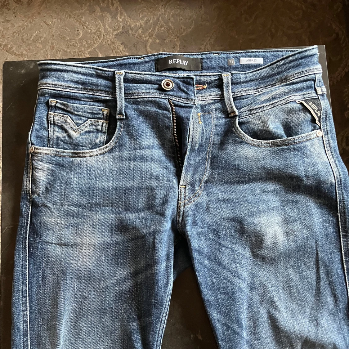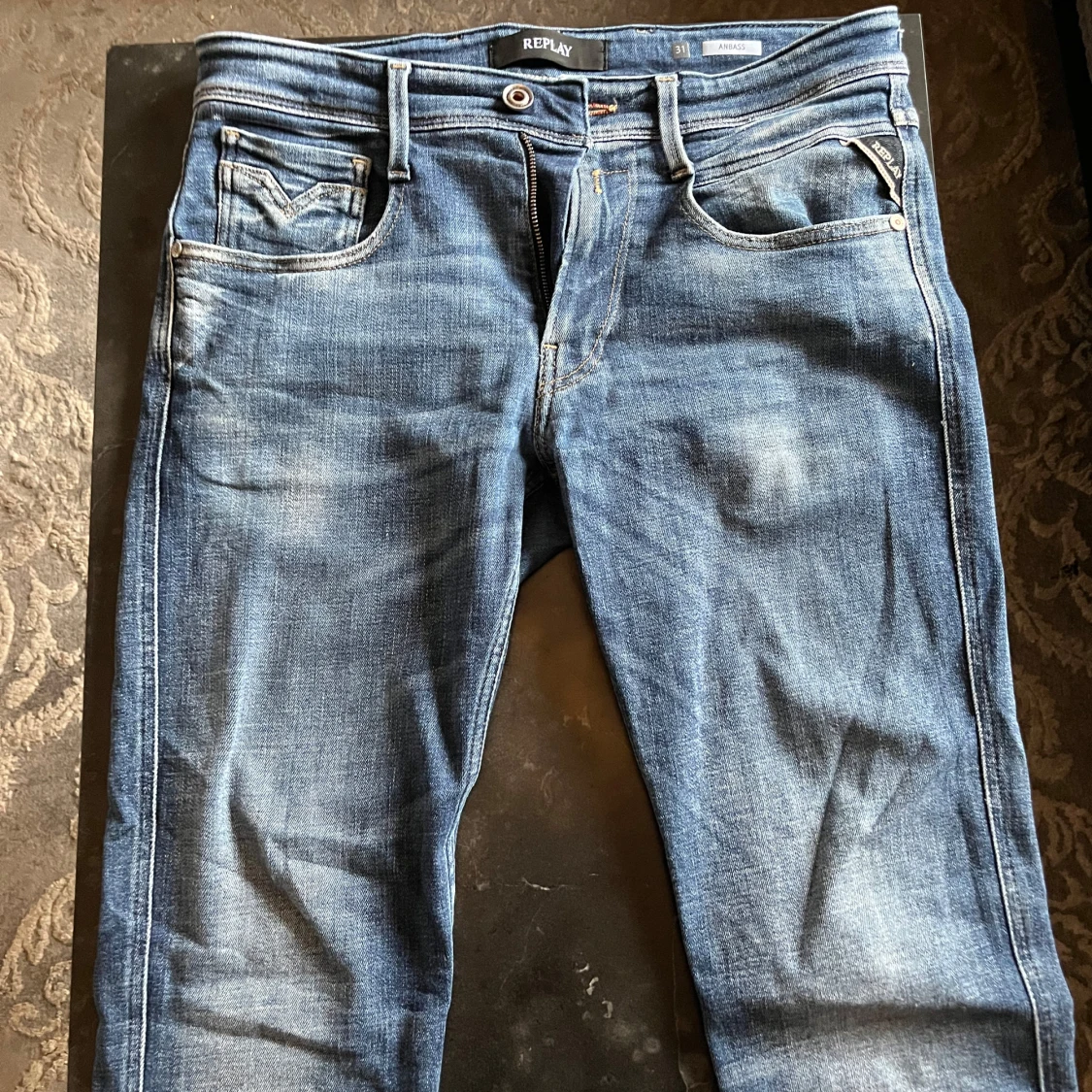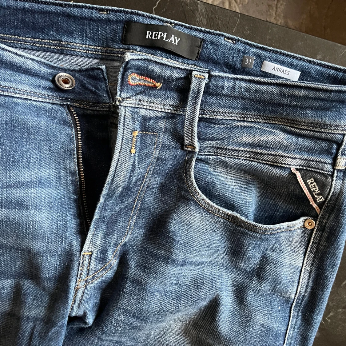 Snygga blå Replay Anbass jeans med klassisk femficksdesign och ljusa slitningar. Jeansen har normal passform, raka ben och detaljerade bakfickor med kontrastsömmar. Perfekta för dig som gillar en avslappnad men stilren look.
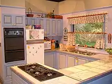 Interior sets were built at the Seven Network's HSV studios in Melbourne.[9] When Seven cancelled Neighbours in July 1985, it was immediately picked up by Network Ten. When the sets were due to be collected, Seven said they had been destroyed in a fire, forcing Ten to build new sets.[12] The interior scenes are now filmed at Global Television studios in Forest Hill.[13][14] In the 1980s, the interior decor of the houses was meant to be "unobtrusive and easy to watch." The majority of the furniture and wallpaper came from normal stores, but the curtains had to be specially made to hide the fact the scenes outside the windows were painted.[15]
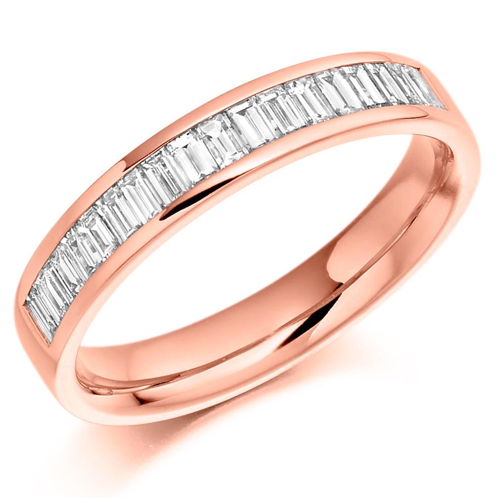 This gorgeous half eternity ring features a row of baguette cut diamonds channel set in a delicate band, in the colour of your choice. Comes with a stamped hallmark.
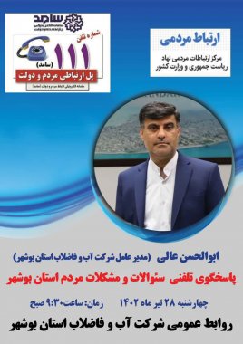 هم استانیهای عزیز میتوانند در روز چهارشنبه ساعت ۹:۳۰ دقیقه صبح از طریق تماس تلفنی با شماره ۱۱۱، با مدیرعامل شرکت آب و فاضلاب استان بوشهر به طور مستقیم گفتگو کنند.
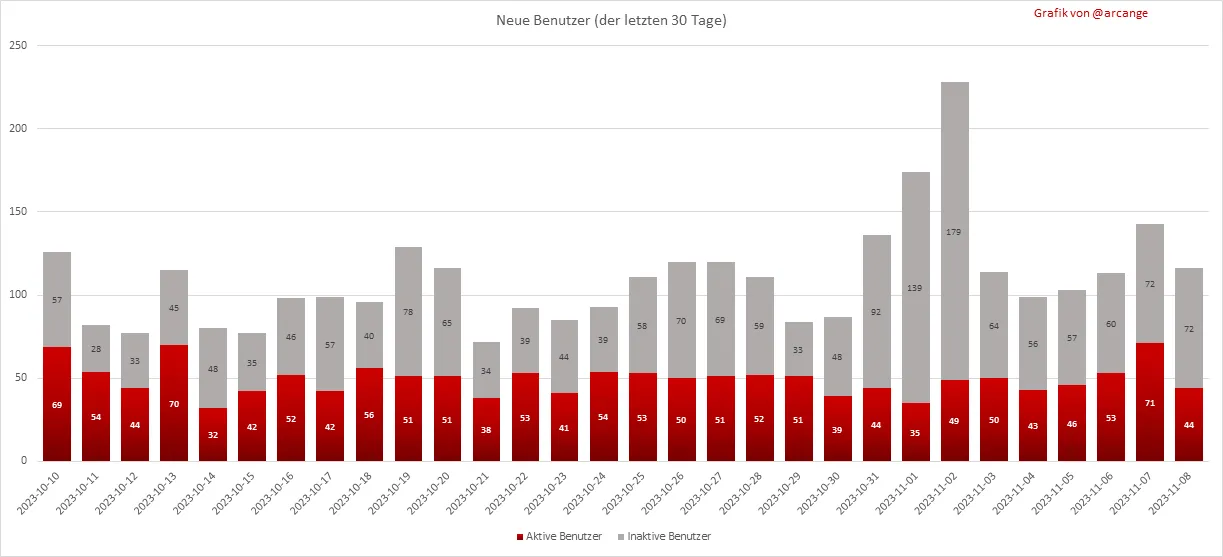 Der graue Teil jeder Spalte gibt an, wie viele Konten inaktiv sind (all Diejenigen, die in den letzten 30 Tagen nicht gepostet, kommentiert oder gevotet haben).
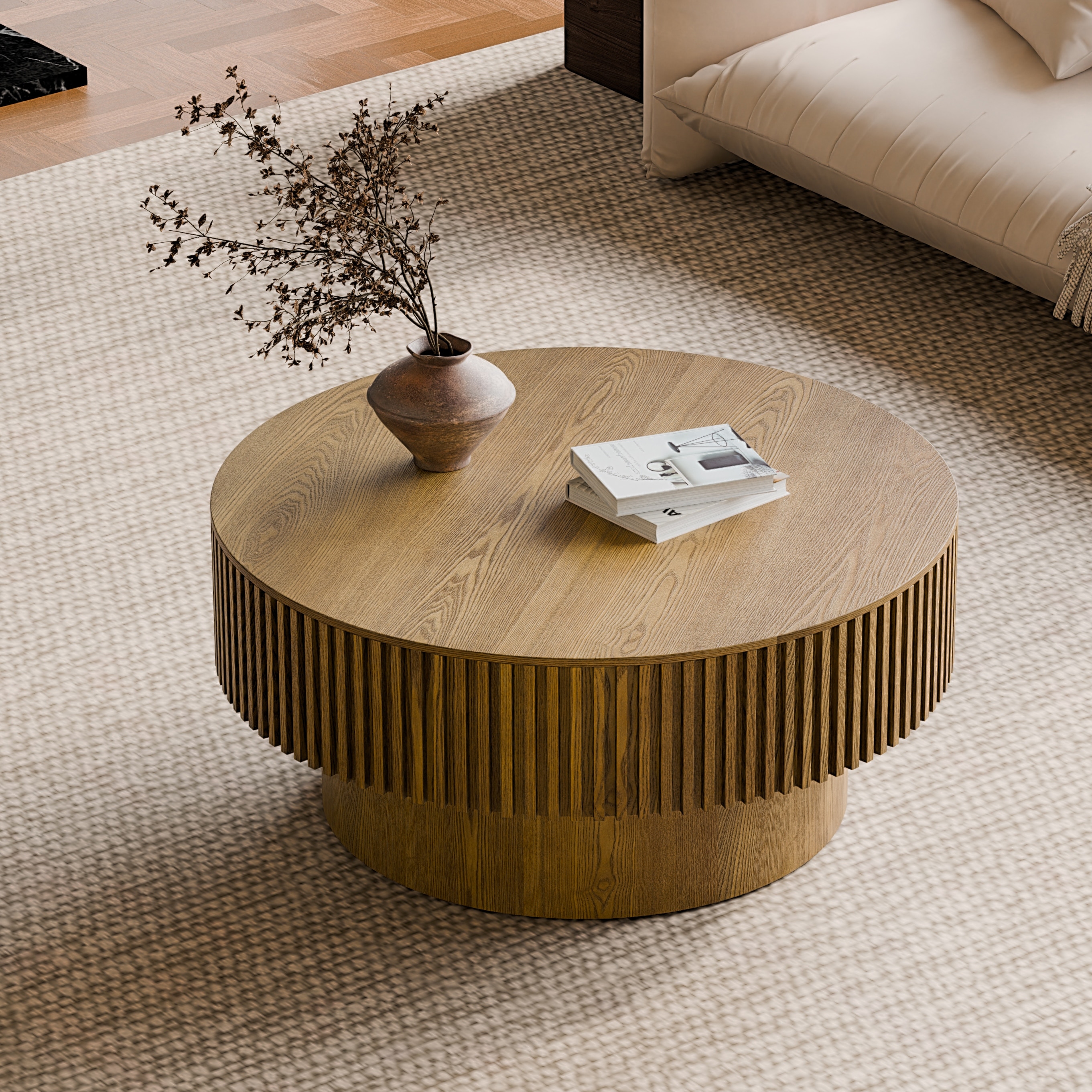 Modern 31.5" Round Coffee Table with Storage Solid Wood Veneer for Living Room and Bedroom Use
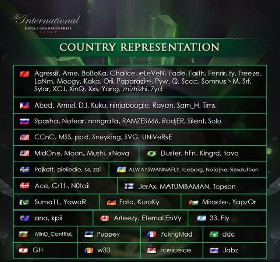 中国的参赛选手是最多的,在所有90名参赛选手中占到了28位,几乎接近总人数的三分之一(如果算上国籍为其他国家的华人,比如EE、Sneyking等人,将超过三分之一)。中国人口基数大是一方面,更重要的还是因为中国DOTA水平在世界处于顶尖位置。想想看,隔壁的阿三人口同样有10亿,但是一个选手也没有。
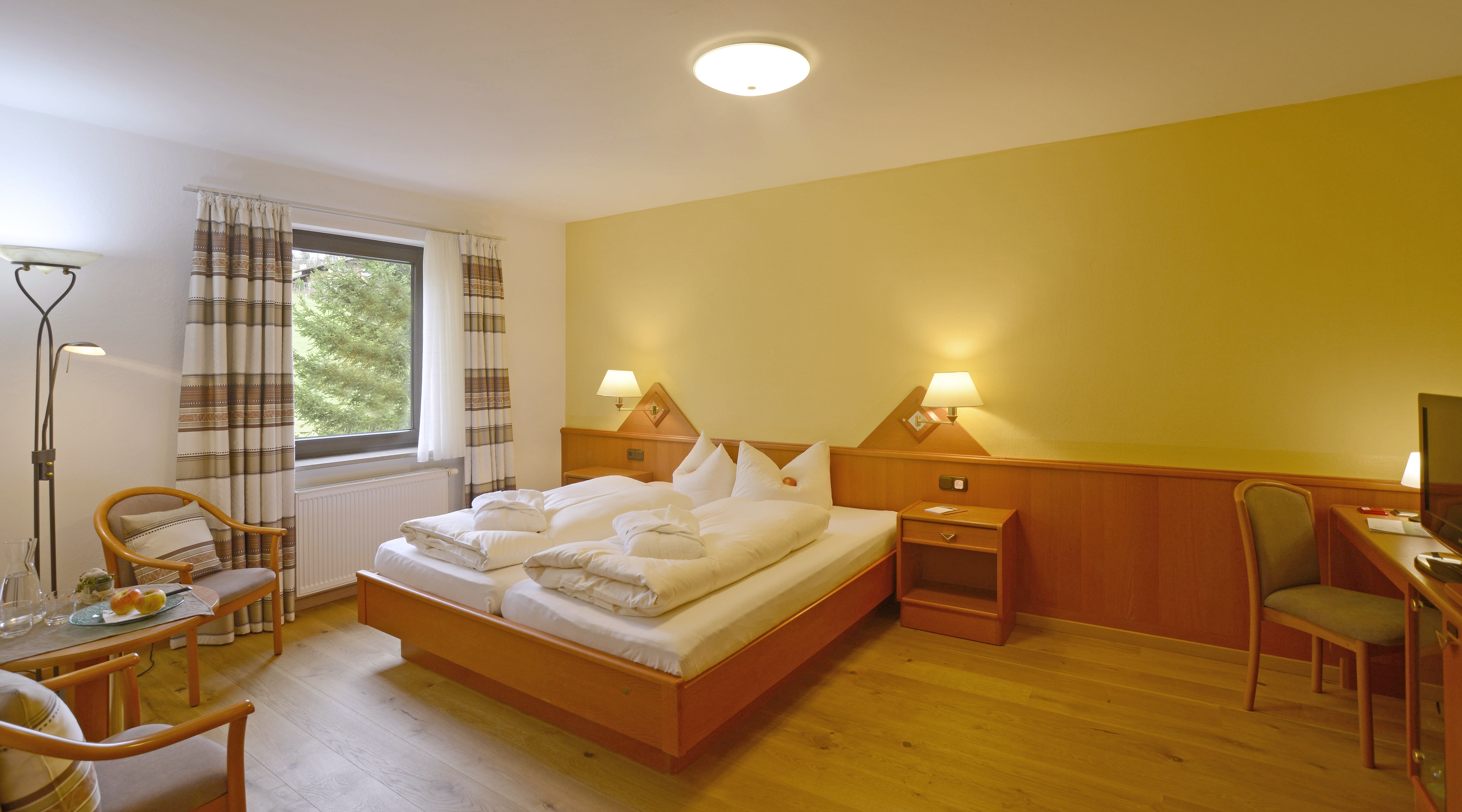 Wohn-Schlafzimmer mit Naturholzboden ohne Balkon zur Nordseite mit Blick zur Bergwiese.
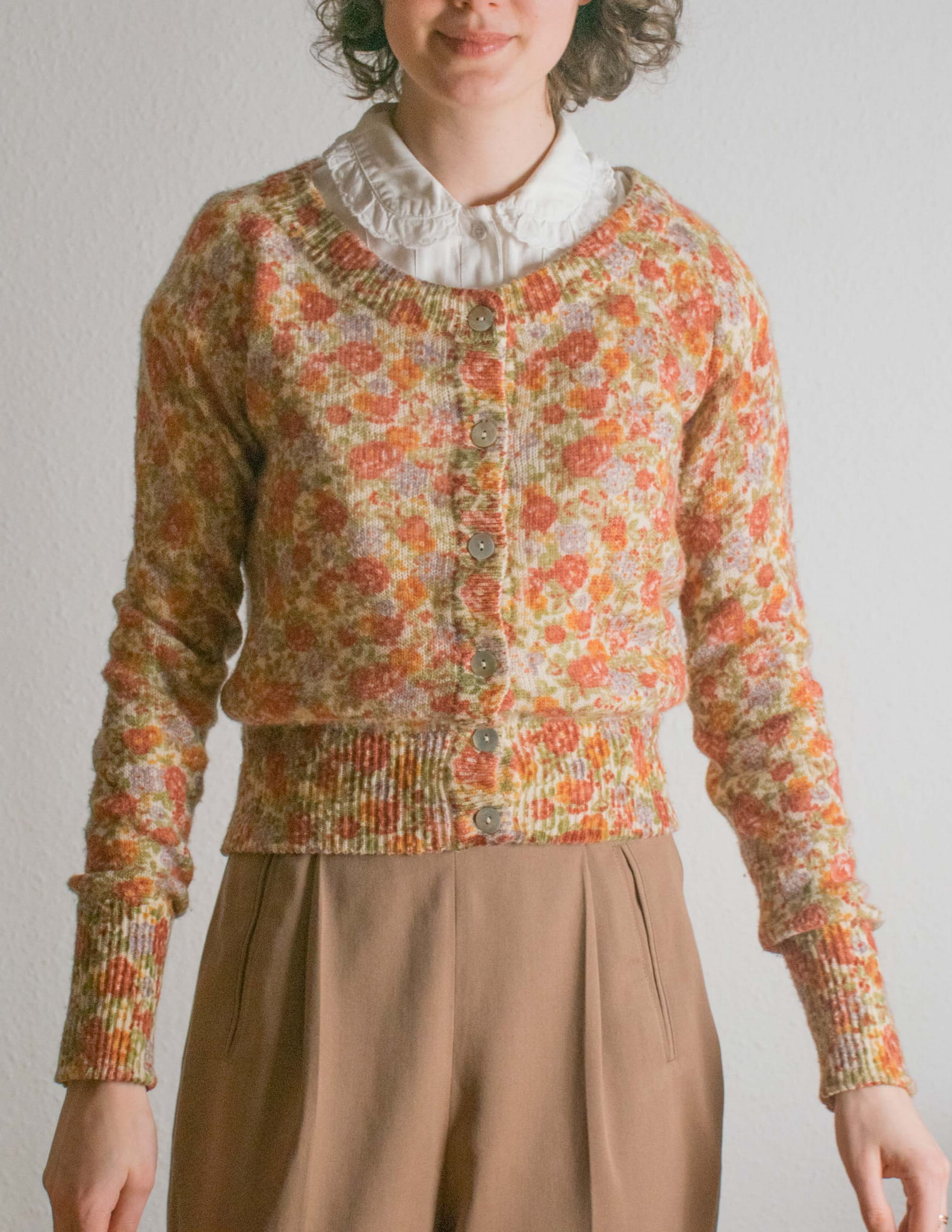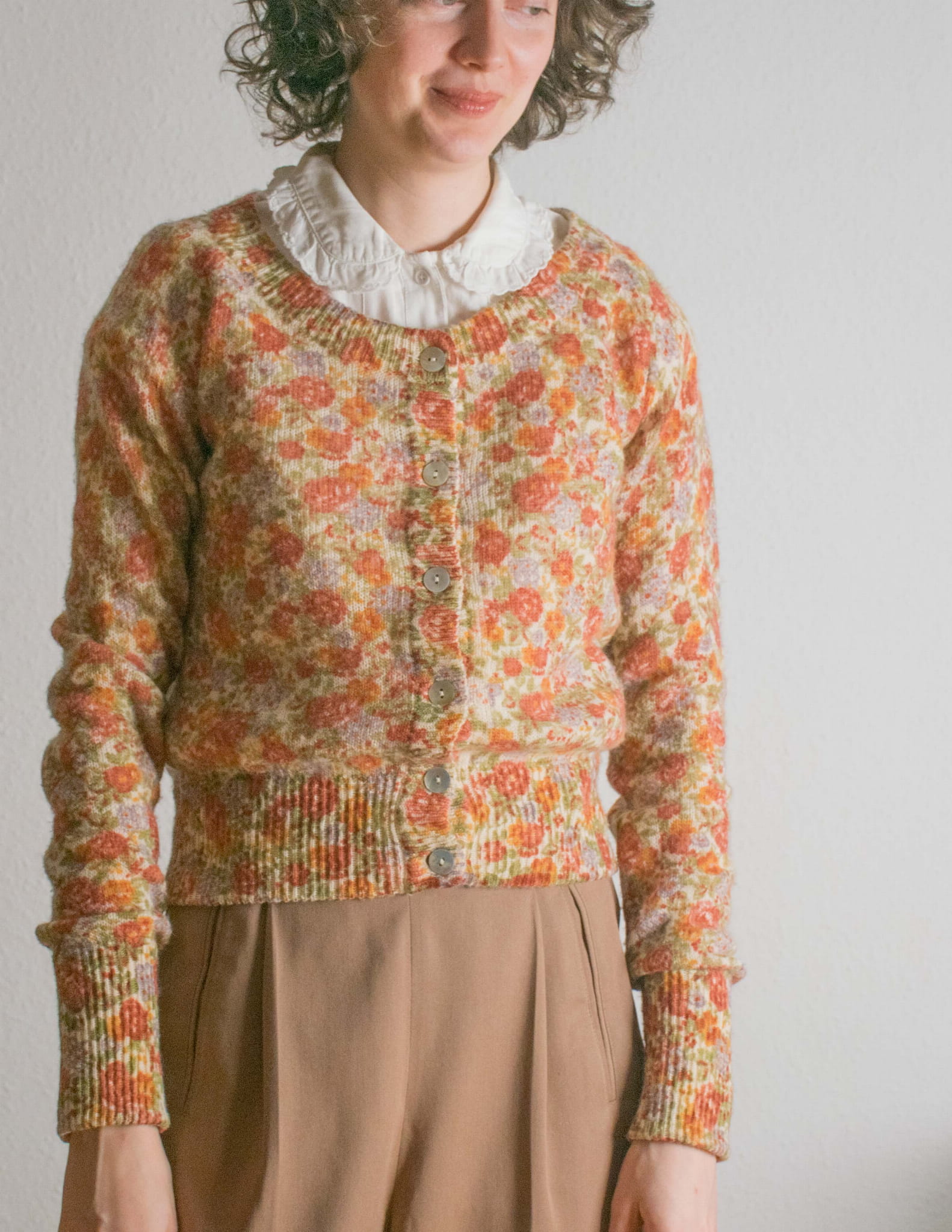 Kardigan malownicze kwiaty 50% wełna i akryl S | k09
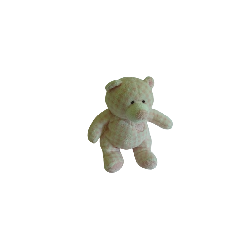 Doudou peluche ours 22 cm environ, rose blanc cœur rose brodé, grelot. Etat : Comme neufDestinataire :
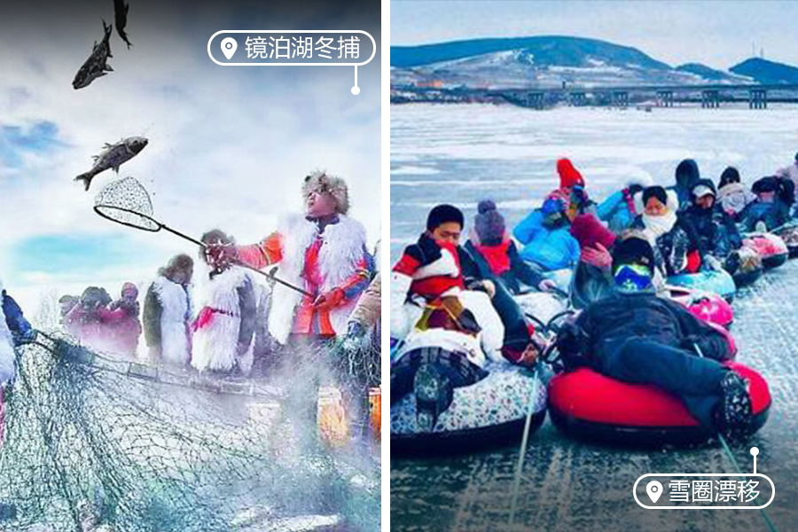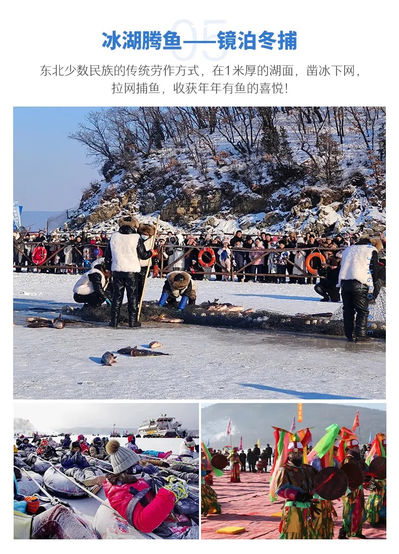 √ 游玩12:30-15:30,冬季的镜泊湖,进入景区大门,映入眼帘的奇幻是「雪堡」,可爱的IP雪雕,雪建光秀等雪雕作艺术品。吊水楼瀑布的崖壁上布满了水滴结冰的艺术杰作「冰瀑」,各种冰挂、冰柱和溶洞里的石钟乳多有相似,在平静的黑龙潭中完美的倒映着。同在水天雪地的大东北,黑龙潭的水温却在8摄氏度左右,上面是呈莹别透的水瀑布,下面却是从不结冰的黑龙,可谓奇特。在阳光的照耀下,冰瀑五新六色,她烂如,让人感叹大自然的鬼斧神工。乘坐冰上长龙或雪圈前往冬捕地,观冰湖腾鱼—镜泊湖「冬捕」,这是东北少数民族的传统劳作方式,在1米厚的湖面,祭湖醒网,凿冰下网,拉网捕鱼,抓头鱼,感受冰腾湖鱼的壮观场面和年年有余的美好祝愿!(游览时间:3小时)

**What the exercise asks:** Set down every record once more, word for word, without pictures.

**Task solution:**
 Snygga blå Replay Anbass jeans med klassisk femficksdesign och ljusa slitningar. Jeansen har normal passform, raka ben och detaljerade bakfickor med kontrastsömmar. Perfekta för dig som gillar en avslappnad men stilren look.
 Interior sets were built at the Seven Network's HSV studios in Melbourne.[9] When Seven cancelled Neighbours in July 1985, it was immediately picked up by Network Ten. When the sets were due to be collected, Seven said they had been destroyed in a fire, forcing Ten to build new sets.[12] The interior scenes are now filmed at Global Television studios in Forest Hill.[13][14] In the 1980s, the interior decor of the houses was meant to be "unobtrusive and easy to watch." The majority of the furniture and wallpaper came from normal stores, but the curtains had to be specially made to hide the fact the scenes outside the windows were painted.[15]
 This gorgeous half eternity ring features a row of baguette cut diamonds channel set in a delicate band, in the colour of your choice. Comes with a stamped hallmark.
 هم استانیهای عزیز میتوانند در روز چهارشنبه ساعت ۹:۳۰ دقیقه صبح از طریق تماس تلفنی با شماره ۱۱۱، با مدیرعامل شرکت آب و فاضلاب استان بوشهر به طور مستقیم گفتگو کنند.
 Der graue Teil jeder Spalte gibt an, wie viele Konten inaktiv sind (all Diejenigen, die in den letzten 30 Tagen nicht gepostet, kommentiert oder gevotet haben).
 Modern 31.5" Round Coffee Table with Storage Solid Wood Veneer for Living Room and Bedroom Use
 中国的参赛选手是最多的,在所有90名参赛选手中占到了28位,几乎接近总人数的三分之一(如果算上国籍为其他国家的华人,比如EE、Sneyking等人,将超过三分之一)。中国人口基数大是一方面,更重要的还是因为中国DOTA水平在世界处于顶尖位置。想想看,隔壁的阿三人口同样有10亿,但是一个选手也没有。
 Wohn-Schlafzimmer mit Naturholzboden ohne Balkon zur Nordseite mit Blick zur Bergwiese.
 Kardigan malownicze kwiaty 50% wełna i akryl S | k09
 Doudou peluche ours 22 cm environ, rose blanc cœur rose brodé, grelot. Etat : Comme neufDestinataire :
 √ 游玩12:30-15:30,冬季的镜泊湖,进入景区大门,映入眼帘的奇幻是「雪堡」,可爱的IP雪雕,雪建光秀等雪雕作艺术品。吊水楼瀑布的崖壁上布满了水滴结冰的艺术杰作「冰瀑」,各种冰挂、冰柱和溶洞里的石钟乳多有相似,在平静的黑龙潭中完美的倒映着。同在水天雪地的大东北,黑龙潭的水温却在8摄氏度左右,上面是呈莹别透的水瀑布,下面却是从不结冰的黑龙,可谓奇特。在阳光的照耀下,冰瀑五新六色,她烂如,让人感叹大自然的鬼斧神工。乘坐冰上长龙或雪圈前往冬捕地,观冰湖腾鱼—镜泊湖「冬捕」,这是东北少数民族的传统劳作方式,在1米厚的湖面,祭湖醒网,凿冰下网,拉网捕鱼,抓头鱼,感受冰腾湖鱼的壮观场面和年年有余的美好祝愿!(游览时间:3小时)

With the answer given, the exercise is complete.